Le ministre de l'Action et des comptes publics est honni à droite depuis qu'il a rejoint le gouvernement d'Emmanuel Macron. Mais au sein de la République en marche, il est parvenu en quelques mois à habillement tisser sa toile.
Honni à droite, le ministre Gérald Darmanin, que la présentation du budget va propulser en première ligne, a habilement tissé sa toile chez les parlementaires de la République en marche, séduits par son "sens politique" en dépit de faux pas cet été.
Pour eux, c'est un peu une révélation. "Venant de la gauche, j'aurais eu des réticences à vous dire cela il y a quelques mois mais Darmanin, je le trouve excellent", s'amuse un jeune député de la République en marche à propos de celui chargé d'élaborer le premier budget du quinquennat, présenté le 27 septembre.

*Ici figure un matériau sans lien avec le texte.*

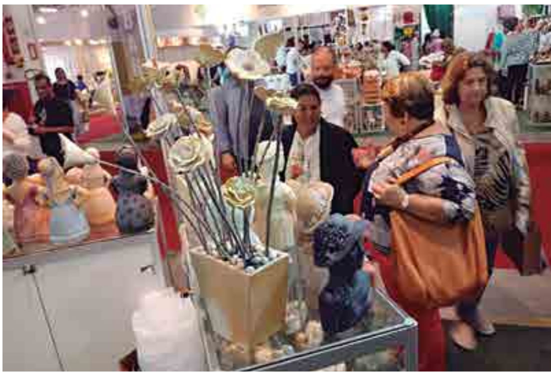
A 11ª edição do Salão do Artesanato de São Paulo teve duração de cinco dias com a participação de expositores da PB

A participação dos artesãos paraibanos na 11ª edição do Salão do Artesanato de São Paulo superou a ex-
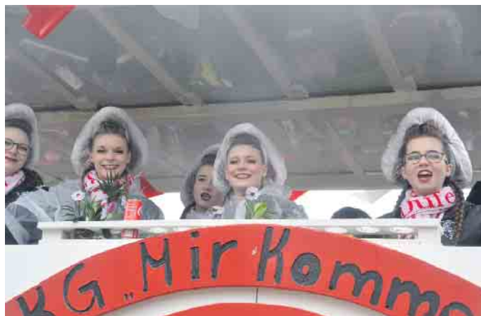
Die KG „Mir komme met“ auf ihrem Karnevalswagen im Veußeler Zooch
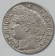
438 (du lot)
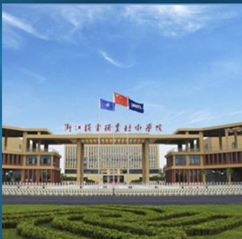
■ 浙江机电职业技术学院
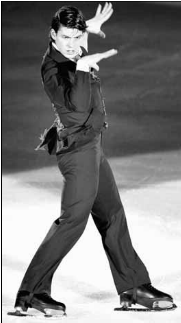
Stéphane Lambiel, qui peut enfin laisser parler toute sa créativité lors des galas, ne regrette pas la compétition.

Je suis plus libre. Il n'y a plus de règlement. J'ai besoin de cette liberté pour créer et élaborer de nouvelles chorégraphies (réd: Lambiel an-
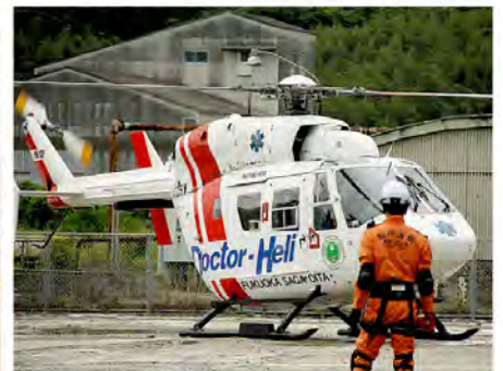
ドクターヘリで重傷患者を 早急に搬送します
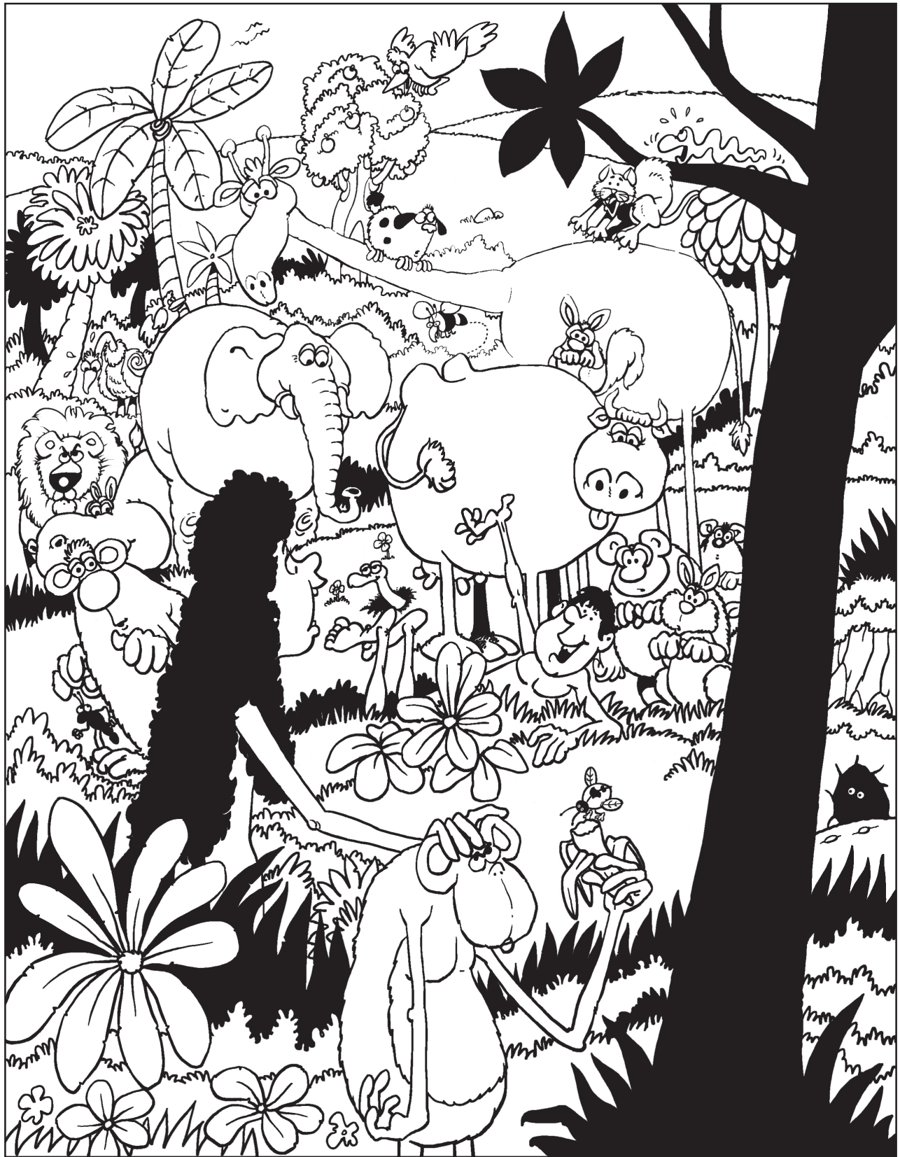
Adán y Eva disfrutaban del hogar que Dios creó.

Jusque-là, l'ex-maire de Tourcoing âgé de 34 ans, coordinateur de la campagne de Nicolas Sarkozy durant la primaire de 2016, incarnait surtout une valeur montante de droite, avant de dénoncer le "rétrécissement" de son camp "sur ses seules bases bourgeoises et conservatrices". En mai, il est débauché à la surprise générale par Emmanuel Macron.
"Je trouve qu'il est très très bon", vante un proche du Premier ministre en soulignant la difficulté du poste, "ô combien technique mais éminemment politique", naviguant entre les desiderata des ministères et ceux de l'administration.
"Il est capable de se mouvoir dans ces deux exigences: avoir la simplicité du mot et comprendre l'univers du chiffre", ajoute-t-on encore à Matignon.
Cela ne lui a pas évité des fautes de carre cet été. Il a ainsi été prié de revoir le projet de loi sur le "droit à l'erreur", "jugé pas assez riche par le président de la République", selon un député LREM.
"Un animal politique"
Il fut aussi au coeur de la communication hasardeuse sur la baisse de 5 euros des APL, qui a mis en difficulté l'exécutif et la majorité parlementaire. Sans apparemment porter préjudice à sa réputation au sein du groupe LREM, qu'il a su habilement soigner à force d'attentions.Là, c'est un petit message de félicitation à un député pour son intervention dans l'hémicycle. Ou ici, un coup de fil pour solliciter "l'avis" d'un autre, échanger "à bâtons rompus", dixit le député de Guadeloupe Olivier Serva.
"Le premier texto que j'ai reçu d'un ministre après mon élection, c'était Darmanin", raconte un autre élu.
Une attitude qui fait sourire, sans la surprendre, la députée de l'Essonne Marie Guévenoux, qui a connu Gérald Darmanin dans les rangs de la droite, aux Jeunes populaires.
"Il était de loin le plus malin, déjà un animal politique", se souvient-elle, en confirmant la popularité du ministre chez les 'marcheurs', assise sur sa "pugnacité" et sa capacité à "défendre très clairement ses dossiers".
Pour affermir son réseau, Gérald Darmanin a "parfaitement décodé le logiciel En Marche" et s'est fait le chantre d'un programme présidentiel appris "par coeur", affirme un député de la Commission des finances qui a récemment assisté à un vrai numéro de séduction.
"C'était professeur Darmanin", glisse-t-il. "Il était avec son paperboard, ses manches retroussées. Il a été super bon, faisant des références au programme, rappelant qu'on s'était engagé sur tel point".
"L'opportunisme en marche"
Auteur de sorties acerbes contre le mariage pour tous en 2013, avant de les regretter récemment, Gérald Darmanin s'y retrouvera-t-il sur les questions de société au sein d'un gouvernement qui compte par exemple ouvrir la procréation médicalement assistée (PMA) ?"Darmanin est bien trop malin pour laisser la PMA devenir un problème pour lui", répond un député LREM.
Logiquement, sa cote s'est effondrée chez Les Républicains, qui ne l'épargnent pas dans l'hémicycle lors des questions au gouvernement.
"Darmanin, c'est l'opportunisme en marche", persifle ainsi Eric Ciotti, député des Alpes-Maritimes, avant de railler les revirements.
"J'ai eu une conversation avec Fillon, qui m'a dit : 'Quand je vois aujourd'hui Darmanin qui s'était roulé par terre pour avoir des responsabilités dans ma campagne, je suis écoeuré'", cingle de son côté un élu LR.
Cependant, Gérald Darmanin n'a pas encore formellement acté sa rupture avec son ancienne famille. Dans l'attente de son exclusion, il est pressé par le chef de l'Etat en personne d'adhérer à La République en marche.